MONTREAL -- As easy as it would be to say that the future is now for the young, dynamic Montreal Canadiens, it’s not.
Not yet.
This weekend was an example of that.
Back-to-back home losses at the raucous Bell Centre, 4-2 to the San Jose Sharks on Saturday and 4-3 to the Anaheim Ducks on Sunday, showed the growing pains this young team still is going through.
It was a wasted opportunity for precious points in an Eastern Conference playoff race that continues to get tighter.
Montreal's brain trust knew there would be blips of adversity like this -- it’s one of the reasons they didn’t make a big splash at the NHL Trade Deadline. They were not going to overpay in terms of surrendering young assets for instant gratification.
At the same time, though, they’re close.
Thanks to the efforts of Montreal’s management team, led by president Jeff Gorton, general manager Kent Hughes and assistant GM John Sedgwick, the Canadiens' window of opportunity to become a Stanley Cup contender is opening in what could be a lengthy run, both financially and in terms of talent.
In the short term, there’s still plenty of work to do. The loss to the Ducks on Sunday left them in third place in the Atlantic Division with 82 points, two behind the Tampa Bay Lightning, who have a game in hand.

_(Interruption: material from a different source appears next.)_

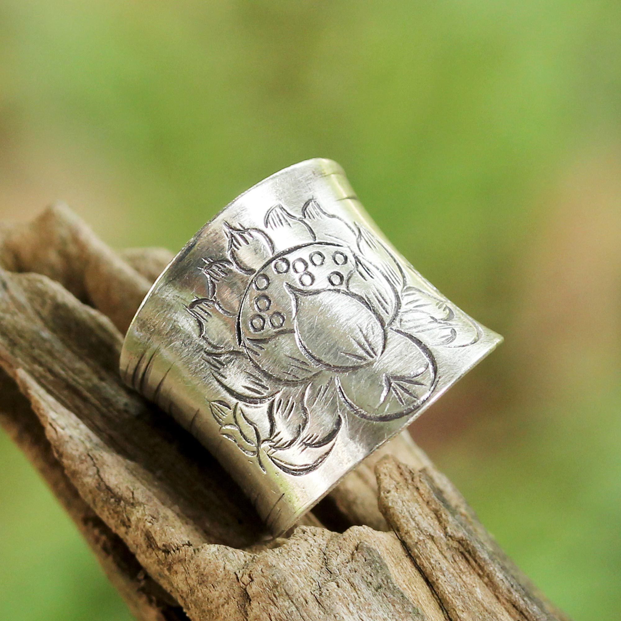 Sterling Silver Etched Lotus Wrap Ring from Thailand, 'Lanna Lotus'
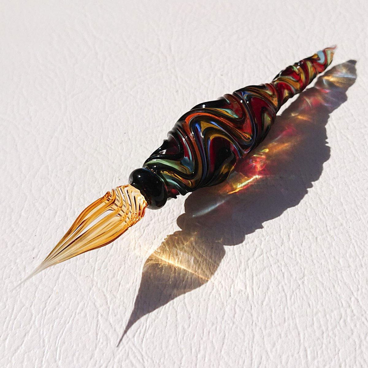 インク撹拌用マドラー販売開始 ステンドグラスガラスペンの美しい色合いを出す技法を使い、光の透過による影の変化をお楽しみ頂けます 角を付けることで撹拌能力を高めて塗りたくり等をする際に効率よく塗れるように底面を平面にしています 商品ページ↓ gensou.shop-pro.jp/?mode=cate&cbi… #インク沼 #文具

Now, in their biggest game of the season to date, the Canadiens (36-20-10) will host the Boston Bruins at Bell Centre on Tuesday (7 p.m. ET; RDS, TSN2, NESN). The Bruins (37-23-6) have 80 points and move ahead of the Canadiens based on tiebreakers with a win.
It's pressure time for a young Montreal team that is looking to make the playoffs for the second straight season.
“We got a taste of it last year and it just makes you hungry for more,” forward Cole Caufield said last week. “Playoff hockey in Montreal is like nothing else.”
The Canadiens were eliminated by the Washington Capitals in five games in the Eastern Conference First Round last April. This time around, the goal is to go much deeper in the postseason, should they get there, of course.
Given that their young core that has been contractually locked up long-term, anything less in the next few springs would be a disappointment.
Consider the cache of skilled players Montreal has who are all younger than 27. Caufield, fellow forwards Nick Suzuki and Juraj Slafkovsky, and defensemen Lane Hutson and Noah Dobson are all under contract until at least 2030, and the salary cap is projected to rise to $113.5 million by 2027-28.
-- Caufield, 25, is signed through 2030-31 with a deal that has an average annual value of $7.85 million.
-- Suzuki, the 26-year-old captain, is signed through 2029-30 ($7.875 AAV).
-- Slafkovsky, the 21-year-old who was the No. 1 pick in the 2022 NHL Draft, is under contract until 2032-33 ($7.6 million AAV).
-- Hutson, the 22-year-old who won the Calder Trophy as NHL rookie of the year last season, signed an eight-year contract on Oct. 13, 2025 ($8.85 million AAV), which runs through 2033-34.
-- Dobson, the 26-year-old who was acquired from the New York Islanders on June 27, 2025, signed an eight-year, $76 million contract ($9.5 million AAV) immediately after the trade. The deal runs through 2032-33.